Python 如何确保xml.dom.minidom能够解析自己的输出？_Python_Xml_Dom_Escaping

Python 如何确保xml.dom.minidom能够解析自己的输出？

python xml dom

Python 如何确保xml.dom.minidom能够解析自己的输出？,python,xml,dom,escaping,Python,Xml,Dom,Escaping,我试图以一种可以读回的方式将一些数据序列化为xml。为此，我通过xml.DOM.minidom手动构建DOM，并使用附带的writexml方法将其写入文件我特别感兴趣的是如何构建文本节点。我通过初始化一个文本对象，然后设置它的数据属性来实现这一点。我不确定文本对象为什么不在构造函数中获取其内容，但这只是它在xml.dom.minidom中简化的方式举个具体的例子，代码如下所示： import xml.dom.minidom as dom e = dom.Element('node') t =

我试图以一种可以读回的方式将一些数据序列化为xml。为此，我通过xml.DOM.minidom手动构建DOM，并使用附带的writexml方法将其写入文件

我特别感兴趣的是如何构建文本节点。我通过初始化一个文本对象，然后设置它的数据属性来实现这一点。

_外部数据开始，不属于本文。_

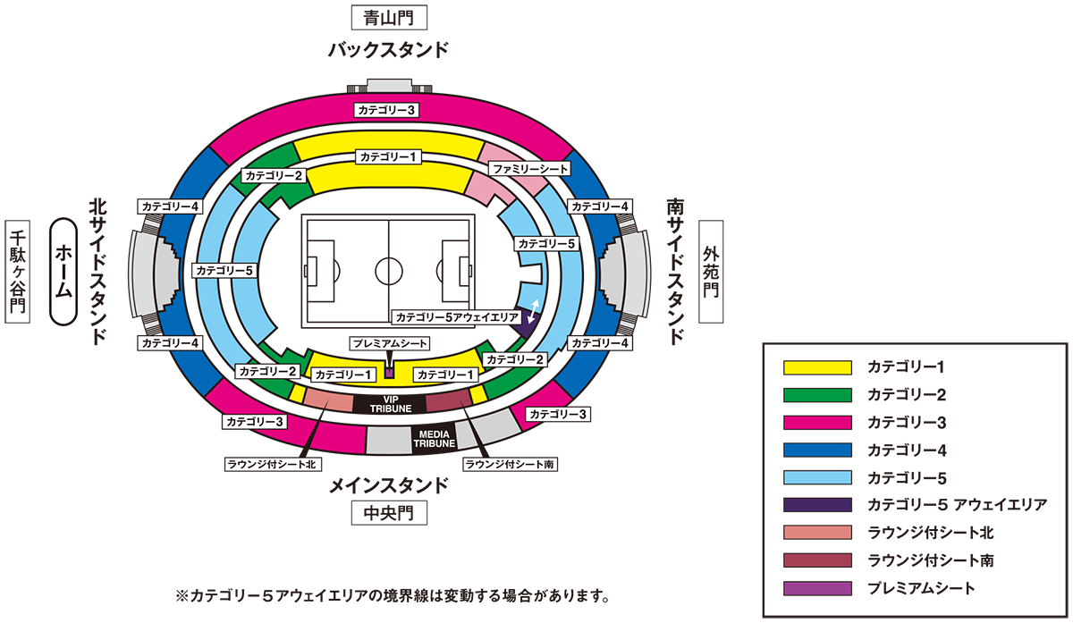 - ・カテゴリー5(ゴール裏南の1層)とカテゴリー5(アウェイエリア)の境界線は変動する場合があります。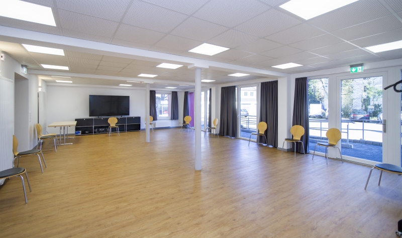 Die Planung und Realisierung der Modernisierungsmaßnahme übernahm das Architekturbüro BothmerHübner. Im Zentrum der Umgestaltung stand die Schaffung eines neuen Multifunktionsraums in drei ehemaligen Garagen, dessen Zugang über eine Rampe vollständig barrierefrei angelegt ist. Auf der zur Verfügung stehenden Fläche wurden neben diesem großzügigen Raum auch neue Sanitäranlagen – darunter eine behindertengerechte – und eine Teeküche realisiert.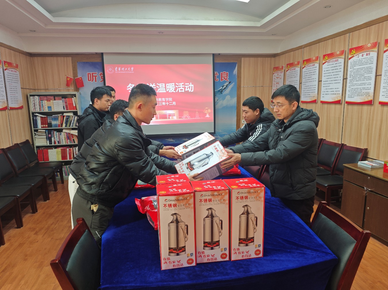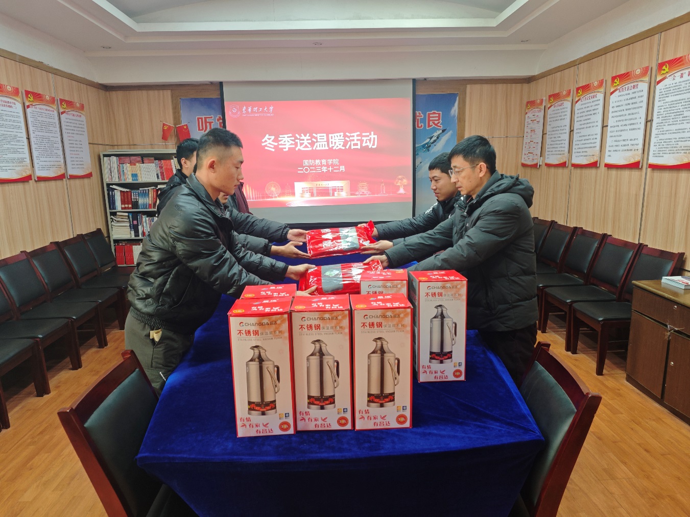 为充分落实学生资助政策,切实帮助学生解决实际困难,确保学生能够安心学习训练、温暖过冬。12月11日,国防教育学院开展冬季送温暖活动,为22和23中队在校家庭经济困难学生送上了保暖内衣、热水瓶等生活用品,让他们在这个寒冷的冬天感受到学院的温暖。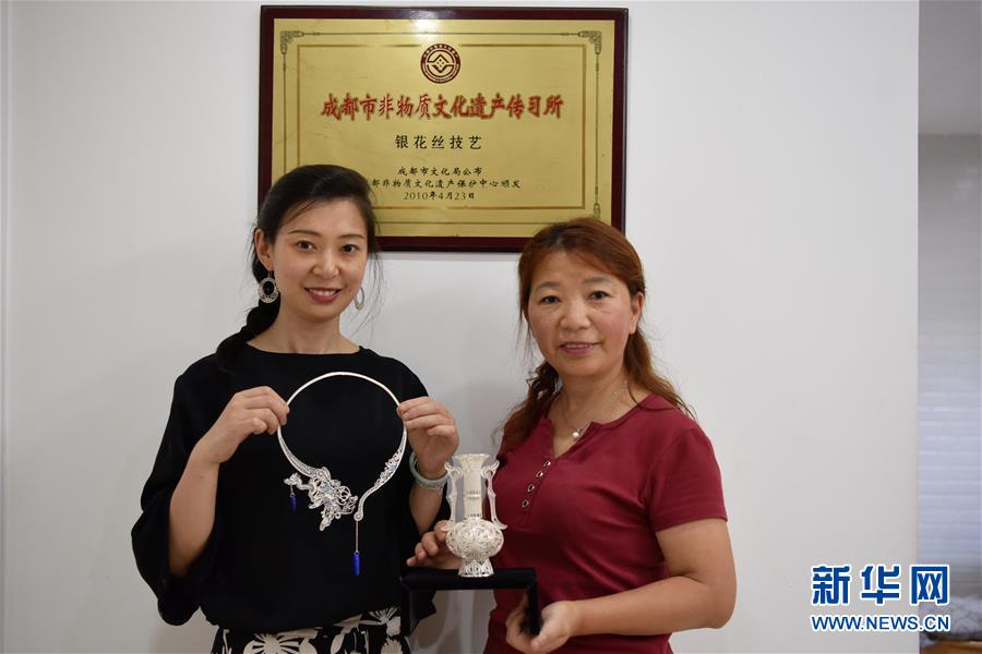 6月10日,在道安银花丝工作室,道安(右)和女儿王晓璐展示各自的作品。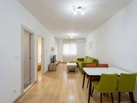 The apartment is located in a quiet residential area of Budva with developed infrastructure. The area is convenient for both permanent residence and recreation.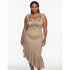 Asymmetric Cocktail Sleeve Sequin Ruffle Embroidery Midi Dress.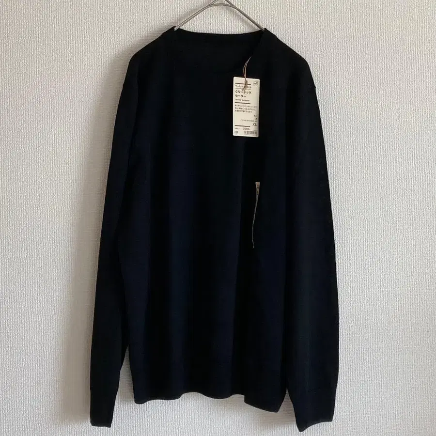 [ 새상품 ] 무인양품 울 실크 워셔블 크루넥 스웨터, 색상은 블랙입니다. 사이즈는 XL입니다. 새상품 미사용입니다. #무인양품 #무인 #MUJI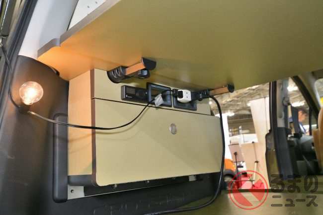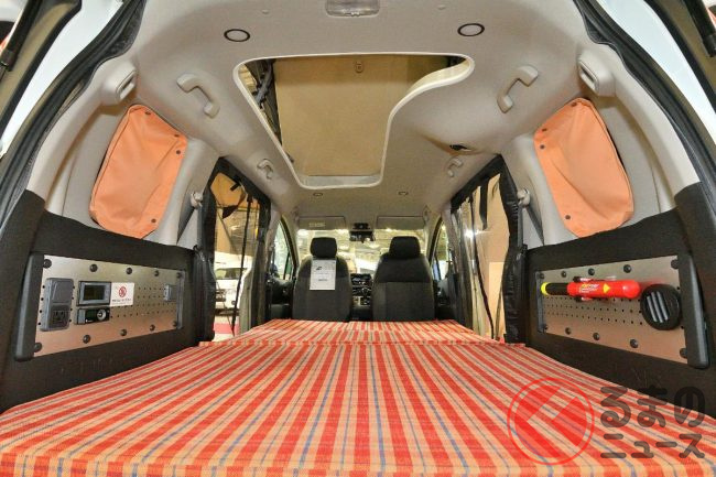 カスタマイズ可能なポイントはエクステリア部で11箇所、エクステリアに装着できるギアが8種類、インテリアではシートカバーやカーテン、ベッドキット、サイドキャビネット、テーブルなど8項目からチョイスすることができるようになっています。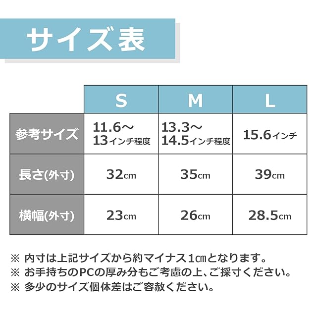 【豊富なサイズ展開】 〇〇専用ではないケースの為、機種を問わずマルチユーズできます。 2台持ちの方も、機種変更した場合も、長くお使い頂けます。 Sサイズ:11,6インチ〜13インチ程度: 32cm x 23cm, 180g : 大きめのタブレットや、Surface Goなどにピッタリです。小さめ、薄型の13インチも入ります。(サイズはよくご確認ください。) Mサイズ:13.3インチ〜14.5インチ程度: 35.5cm x 26cm, 238g : 通常の持ち歩きサイズのノートPCに適しています。(大体13インチ〜14インチ台) Lサイズ:15インチ〜16インチ程度: 39.7cm x 28.5cm, 320g : クリエイター仕事などで大き目サイズを使われる方にピッタリ。15インチ台〜サイズの方は迷わずこのサイズを。 ※上記は外寸サイズです。 ※内寸サイズは約マイナス1cmです。 ※お手持ちのPCの厚み分もご考慮の上、採寸、サイズ選択ください。 ※多少のサイズ個体差はご容赦ください。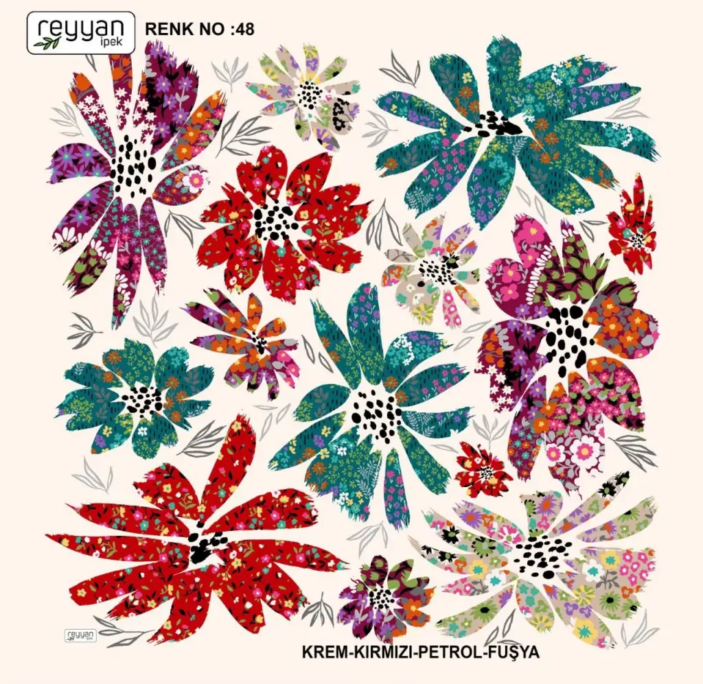 Reyyan İpek Yazma, orijinal parlaklığına sadık kalan canlı ve uzun ömürlü renkler sağlayan birinci sınıf kumaş üzerine 1. sınıf baskıya sahiptir.

我不确定文本对象为什么不在构造函数中获取其内容，但这只是它在xml.dom.minidom中简化的方式

举个具体的例子，代码如下所示：

import xml.dom.minidom as dom
e = dom.Element('node')
t = dom.Text()
t.data = "The text content"
e.appendChild(t)
dom.parseString(e.toxml())

def createTextNode(self, data):
    if not isinstance(data, StringTypes):
        raise TypeError, "node contents must be a string"
    t = Text()
    t.data = data
    t.ownerDocument = self
    return t

这对我来说似乎是合理的，特别是因为createTextNode本身的实现方式与此完全相同：

import xml.dom.minidom as dom
e = dom.Element('node')
t = dom.Text()
t.data = "The text content"
e.appendChild(t)
dom.parseString(e.toxml())

def createTextNode(self, data):
    if not isinstance(data, StringTypes):
        raise TypeError, "node contents must be a string"
    t = Text()
    t.data = data
    t.ownerDocument = self
    return t

问题是，这样设置数据允许我们编写以后无法解析回的文本。举个例子，我对以下角色有困难：

you´ll

报价单为ord（180），“\xb4”。我的问题是，将这些数据编码成xml文档的正确过程是什么？我使用minidom解析文档以恢复原始树？

正如Python中所解释的，您遇到的问题是Unicode编码：

Node.toxml([encoding])
Return the XML that the DOM represents as a string.

With no argument, the XML header does not specify an encoding, and the result is
Unicode string if the default encoding cannot represent all characters in the 
document. Encoding this string in an encoding other than UTF-8 is likely
incorrect, since UTF-8 is the default encoding of XML.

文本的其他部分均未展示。